Rotten Tomatoes Says This Is The Best John Grisham Movie Adaptation
For a moment in the 1990s, adapting a John Grisham novel into a movie was akin to printing money. It all started with "The Firm," a film that had the good fortune of coming along just as its leading man, Tom Cruise, was really hitting his stride that decade thanks to "A Few Good Men." Of course, it helped that the 1993 legal thriller also paired Tommy C (who, naturally, spends most of the climax sprinting with a briefcase) with the dream team of director Sydney Pollack, writer Robert Towne, and a killer supporting cast featuring Jeanne Tripplehorn, Ed Harris, Holly Hunter, Wilford Brimley, and the ever-on-point Gene Hackman.
(Fun fact: "The Firm" is also the flick Aubrey Plaza's character is watching as she practices her meat-beating skills in "The To Do List." If having your movie serve as the punchline in a teen sex romp isn't something all filmmakers aspire to, then I dunno what we're even doing.)
On top of striking box office gold, Pollack's picture added the veneer of high art to Grisham's name, all the while retaining the pulpy page-turning pleasures of his source material. Because of this, it wasn't long before other venerated filmmakers — folks like Alan J. Pakula, Francis Ford Coppola, and Robert Altman — started putting their own stamps on Grisham's implausible yet entertaining best-sellers (or, in Altman's case, one of the lawyer turned wordsmith's unpublished manuscripts).
Hence, if you ask any two people what their favorite Grisham adaptation is, you're bound to get different answers. Some might adore "The Pelican Brief" for the unfulfilled romance between Julia Roberts and Denzel Washington's protagonists, while others — the chap who sold me my car, for example — may throw you for a loop and swear by the Tim Allen and Jamie Lee Curtis led holiday farce "Christmas with the Kranks." If you look at Rotten Tomatoes, however, there's a clear winner in this debate.
The Rainmaker helped combat Grisham fatigue
By the time 1997 rolled around, the Grisham cinematic brand was starting to lose its luster. A year earlier, the big-screen take on the author's death penalty thriller book "The Chamber" had proven to be an unqualified disaster and was roundly condemned by practically all concerned parties, Grisham included. The Grisham legal thriller formula — a young, idealistic practitioner of the law finds themself in over their head — was steadily wearing thin too, having already been recycled some half a dozen times in four years.
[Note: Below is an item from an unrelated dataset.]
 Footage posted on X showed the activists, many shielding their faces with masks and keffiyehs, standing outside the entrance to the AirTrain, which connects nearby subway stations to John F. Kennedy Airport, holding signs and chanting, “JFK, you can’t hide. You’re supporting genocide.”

Coppola's "The Rainmaker," which also arrived on the heels of the filmmaker's own nadir, the 1996 fiasco that was "Jack," provided a fitting antidote to Grisham fatigue. Matt Damon, then on the verge of his career-making success with "Good Will Hunting," starred as Rudy S. Baylor, an upstanding Memphis law school grad who's still wet behind the ears when he argues the case of a lifetime. The movie itself still had most of Grisham's favorite tropes, but dropped the elaborate conspiracies and killers-for-hire found in the author's biggest hits. Instead, "The Rainmaker" pit its hero against a much more relatable and despicable opponent: a greedy insurance company that refused to help cover a live-saving operation for a young man with leukemia. (An effectively melodramatic subplot saw Damon's good guy fall for a domestic abuse victim, played by Claire Danes, as well.)
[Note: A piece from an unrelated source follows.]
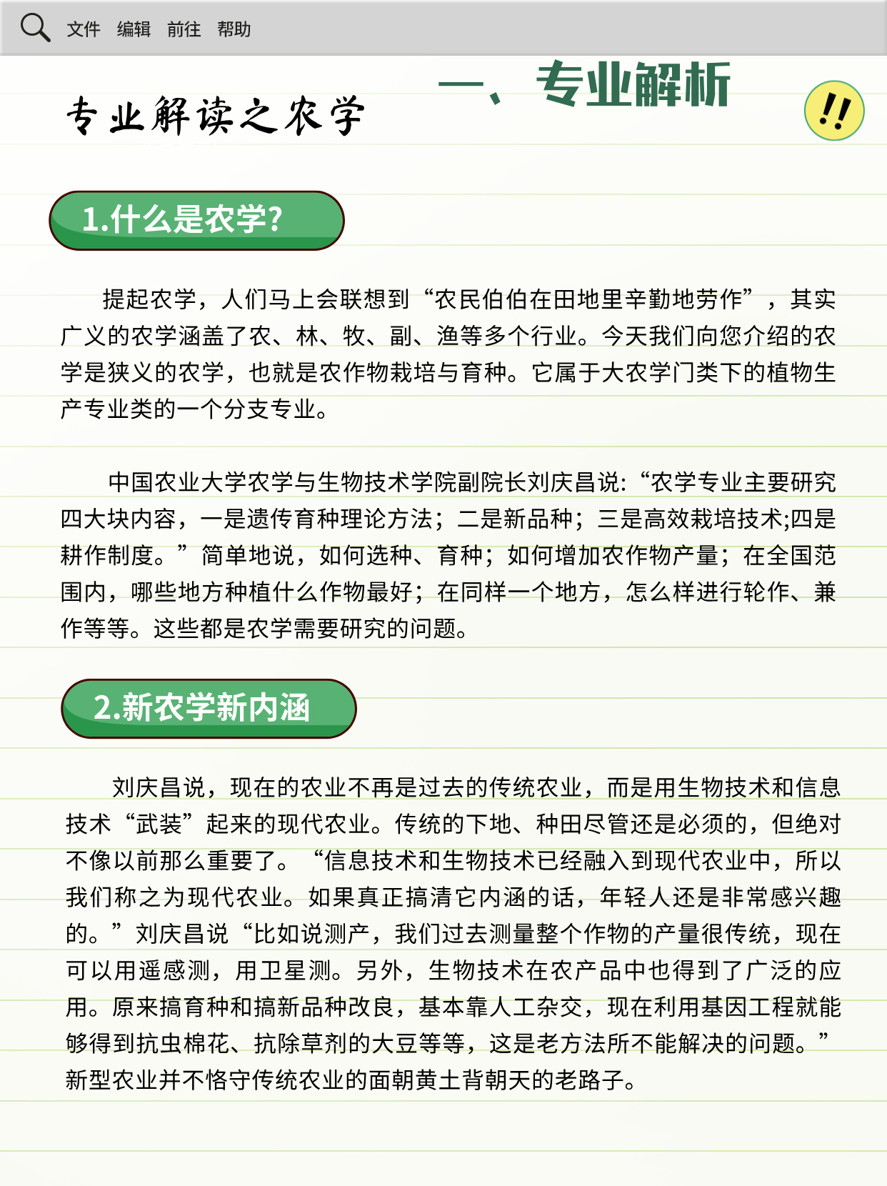 二、新农学新内涵刘庆昌说,现在的农业不再是过去的传统农业,而是用生物技术和信息技术“武装”起来的现代农业。传统的下地、种田尽管还是必须的,但绝对不像以前那么重要了。“信息技术和生物技术已经融入到现代农业中,所以我们称之为现代农业。

Critics hailed The Rainmaker as a high point of the Grisham-verse
For his part, Coppola generally avoids stylistic flourishes here in favor of staging the courtroom drama with a sure and steady hand. But the thing that really makes "The Rainmaker" one of the best Grisham adaptations is its focus on the colorful players in Rudy's orbit. With Danny DeVito playing Rudy's far savvier and more practical partner, Jon Voight sliming it up as the scheming legal opposition, Mickey Rourke popping in as Rudy's charmingly sleazy first boss, and Danny Glover portraying the crusading civil rights attorney turned judge who goes above and beyond to help Damon's protagonist, the movie's got a great cast firing on all cylinders.
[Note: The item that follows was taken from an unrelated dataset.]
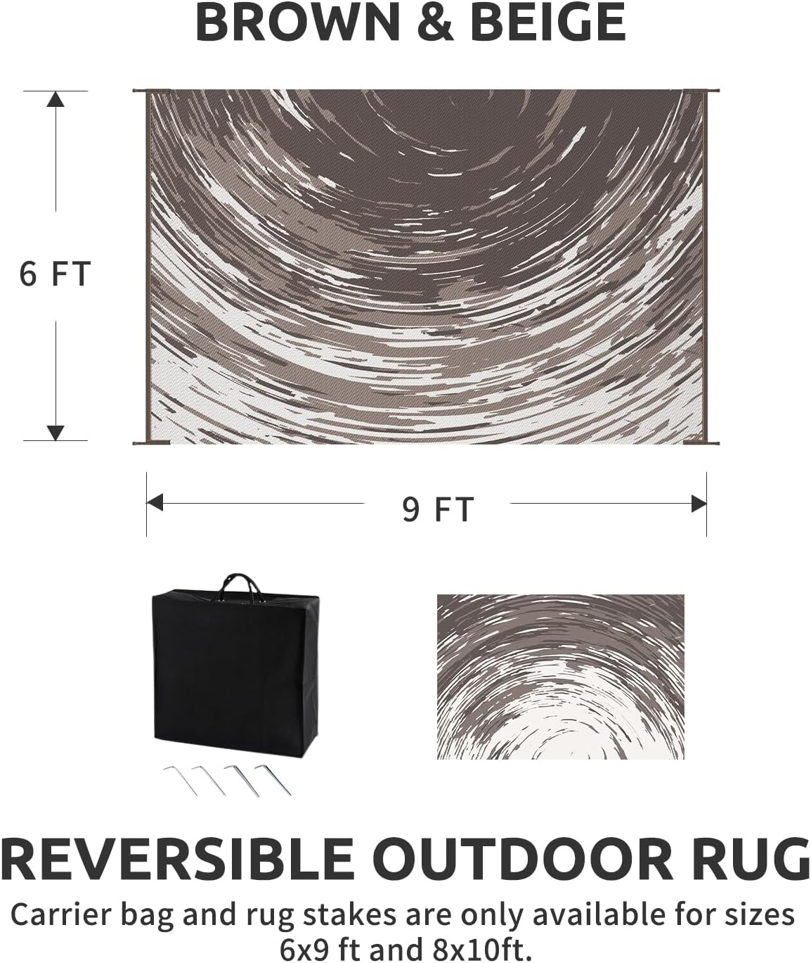 - RV traval&Camping: This camper must haves outdoor rug is ideal for picnics, gatherings, and RV trips! The lightweight outdoor camping carpet with foldable lines is easy to carry and saves space. Includes an extra carry bag and rug stakes for 6x9 ft, 8x10 ft and 9x12 ft. Grass-friendly, durable, and easy to clean, this outdoor rug enhances outdoor adventures.

Critics noticed, too, as evidenced by the movie's 81% score on Rotten Tomatoes (a high point for Grisham adaptations on the site) and its critical consensus: "Invigorated by its talented cast and Francis Ford Coppola's strong direction, 'The Rainmaker' is a satisfying legal drama — and arguably the best of Hollywood's many John Grisham adaptations." That wasn't enough to reverse Grisham's downward trend at the box office (the film only made $47 million in theaters on a $40 million budget), but as "The Rainmaker" itself reminds everyone, some things are just more important than money will ever be.